Status Module What it does
shipped parabun:image JPEG / PNG / WebP decode + encode, resize (bilinear / Lanczos), blur / sharpen / edge-detect, rotate / flip / crop, adjust / threshold / invert / grayscale, histogram, alpha composite.
shipped parabun:audio WAV / MP3 / Opus codecs, RBJ biquads, FFT, resample, spectrogram, VAD, denoiser (rnnoise), AGC, mix / normalize / envelope, planar ⇄ frame-major + i16 ⇄ f32 PCM helpers.
shipped parabun:gpu primitives conv2D, scan, reduce, argMin / argMax, histogram, median / quantile. CPU correctness paths today; CUDA / Metal hooks slot in via the existing dispatch.
shipped parabun:camera V4L2 capture on Linux — devices(), formats(path), open(...) with an async-iterator frames() over kernel-mmapped buffers. AVFoundation + Media Foundation follow on the same surface.
shipped OS audio I/O Live ALSA capture + playback for parabun:audio. devices() / capture(...) / play(...) with Float32 PCM streams, S16_LE on the wire. CoreAudio + WASAPI follow.
shipped parabun:gpio / parabun:i2c / parabun:spi Linux peripheral I/O — uAPI v2 GPIO chardev (with edge events), i2c-dev SMBus, spidev half + full duplex with multi-segment transfers. Validated end-to-end on Raspberry Pi 5.
shipped parabun:gpu device kernels CUDA: reduce (sum / min / max), atomic-privatized histogram, recursive multi-level scan (Hillis-Steele leaf, no element-count cap), argMin / argMax, variance, conv2D, bitonic-sort median / quantile.
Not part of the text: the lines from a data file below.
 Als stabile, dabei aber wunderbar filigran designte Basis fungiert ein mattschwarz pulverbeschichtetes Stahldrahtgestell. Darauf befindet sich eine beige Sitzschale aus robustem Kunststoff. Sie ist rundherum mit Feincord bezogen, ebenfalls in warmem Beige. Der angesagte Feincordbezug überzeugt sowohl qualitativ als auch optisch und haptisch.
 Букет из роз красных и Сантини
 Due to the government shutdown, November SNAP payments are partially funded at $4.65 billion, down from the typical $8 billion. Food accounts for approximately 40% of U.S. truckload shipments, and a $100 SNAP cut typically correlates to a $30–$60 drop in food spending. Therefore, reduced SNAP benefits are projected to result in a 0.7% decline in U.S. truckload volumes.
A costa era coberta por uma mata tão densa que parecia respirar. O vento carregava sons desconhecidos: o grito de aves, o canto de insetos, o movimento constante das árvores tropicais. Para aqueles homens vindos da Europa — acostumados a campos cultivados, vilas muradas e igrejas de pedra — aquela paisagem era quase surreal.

Metal mirror complete: same set ported to MSL — simdgroup tree-reduce (simd_sum / simd_shuffle_xor), 1024-bin atomic-privatized histogram, recursive Hillis-Steele scan, two-pass variance, bitonic-step quantile. On-device validation pending mac-mini run; Linux probe stays inert with CPU fallback.
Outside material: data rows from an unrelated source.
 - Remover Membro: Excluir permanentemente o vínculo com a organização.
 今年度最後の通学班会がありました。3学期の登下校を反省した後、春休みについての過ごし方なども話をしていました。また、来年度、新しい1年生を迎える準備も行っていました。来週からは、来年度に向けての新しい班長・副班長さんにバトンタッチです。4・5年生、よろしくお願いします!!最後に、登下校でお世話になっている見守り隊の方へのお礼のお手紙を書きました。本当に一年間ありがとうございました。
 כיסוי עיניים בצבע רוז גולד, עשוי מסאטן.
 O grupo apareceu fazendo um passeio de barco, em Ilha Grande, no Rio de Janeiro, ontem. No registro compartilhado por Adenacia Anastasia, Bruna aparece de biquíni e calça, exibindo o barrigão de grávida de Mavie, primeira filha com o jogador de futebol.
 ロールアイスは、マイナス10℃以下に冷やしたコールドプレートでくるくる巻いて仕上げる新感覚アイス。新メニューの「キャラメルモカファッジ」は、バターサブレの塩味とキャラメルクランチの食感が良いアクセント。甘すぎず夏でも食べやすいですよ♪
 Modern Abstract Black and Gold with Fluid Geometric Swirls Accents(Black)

shipped parabun:vision Frame stream, frame-diff motion detection (vision.frames, vision.detectMotion), per-frame connected-components region segmentation, OCR via vision.recognize (Tesseract / libtesseract.so.5 FFI), generic ONNX inference via vision.onnx(modelPath).run({…}) (libonnxruntime FFI; struct-walked OrtApi), object detection via vision.detect (YOLOv8/YOLOv11 — bilinear letterbox preprocess, channel-major decode, IoU NMS, COCO 80-class default), and multi-frame tracking via vision.track() (SORT-style greedy IoU matching with same-class gating + maxFramesMissed coasting → stable per-object ids across the stream). SSD / RT-DETR engines stubbed for follow-up.
shipped parabun:speech VAD-gated speech.listen (with reactive active / noiseFloor / lastUtterance signals), Whisper STT (speech.transcribe, dispatching to parabun:llm's WhisperModel — encoder-decoder, KV cache, beam search, language detection, CUDA-accelerated end-to-end), and Piper TTS (speech.speak — subprocess in v1; libpiper FFI v2 tracked).
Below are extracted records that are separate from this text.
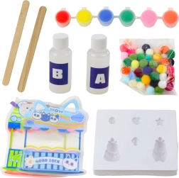 Met deze creatieve DIY-set kunnen kinderen stap voor stap originele gelfiguren mengen, kleuren en gieten. Dankzij de meegeleverde pigmenten, glitters en accessoires personaliseer je elke creatie eenvoudig. De siliconen mal biedt meerdere vormen op één plek en het flexibele materiaal maakt het verwijderen van de afgewerkte figuren gemakkelijk.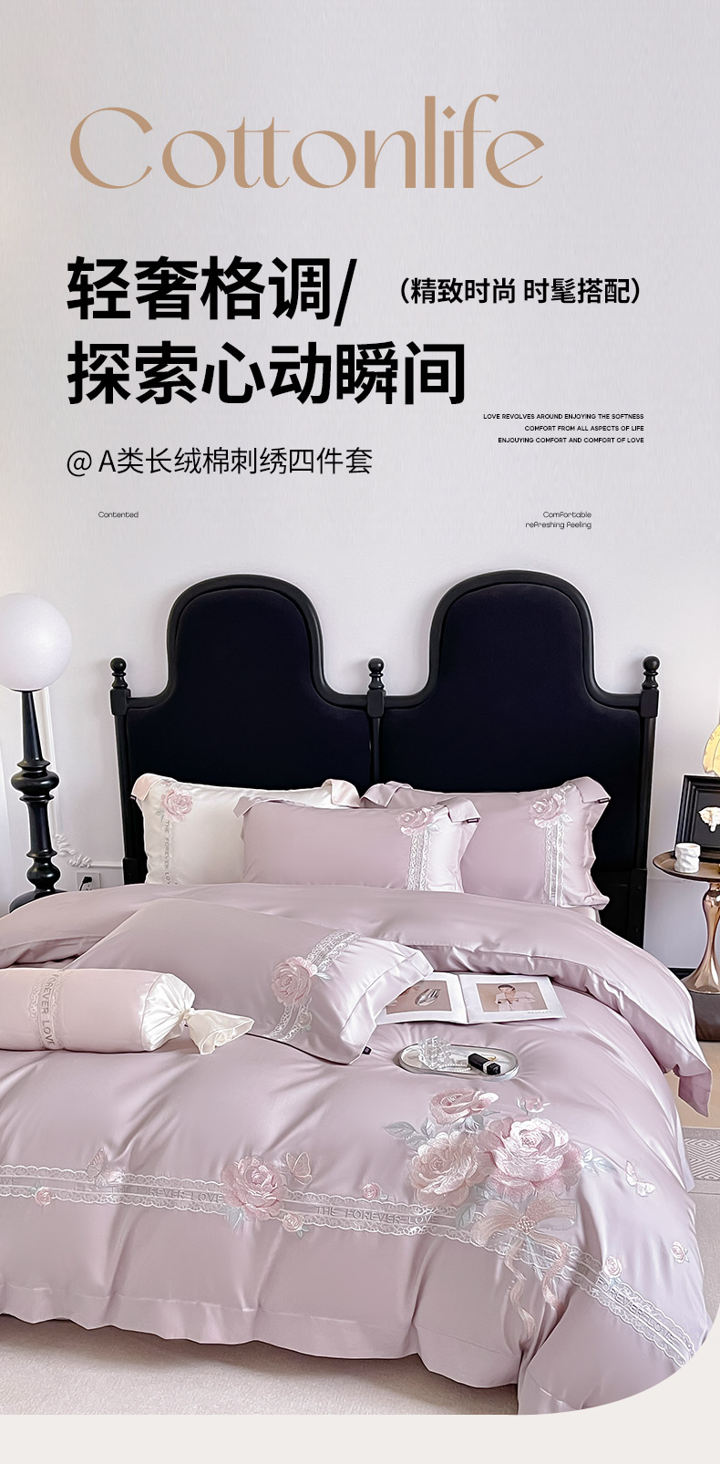 当前位置: 91家纺网 > 商品网购 > 床品套件 > 四件套 > 长绒棉四件套 > 2026春夏新款轻奢纯色A类长绒棉纯棉全棉重工刺绣被套床单四件套床上用品云栀 云栀-黛紫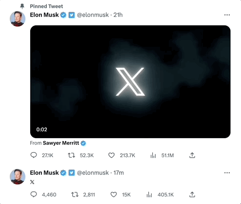 隨後他又連發多條推文,比如,可能會像這樣——X Logo放在黑色背景上。

shipped parabun:assistant Three-line voice-assistant facade composing parabun:audio + parabun:speech + parabun:llm + para:mcp. bot.run / turns / ask / say / interrupt + reactive state / history / lastTurn / interrupted / toolsActive signals + sqlite-backed persistent memory + tool dispatch (inline + MCP) + VAD-driven barge-in + wake word (wakeWord: "hey jetson") + cron-driven scheduled prompts + RAG (knowledge: { dir, encoder }). Vision (VLM) turns deferred to follow-up.
in progress parabun:video JS surface scaffolded; libavcodec / V4L2 M2M / NVDEC native binding lands with hardware bring-up. Decode + encode + container muxing.
planned parabun:image AVIF AVIF decode/encode (libavif + AOM / dav1d vendor add). Rounds out the codec coverage matrix.
HTTP handlers, JSON parsing, and ordinary application code use the same code paths as upstream Bun. The added modules don't change behavior or performance there.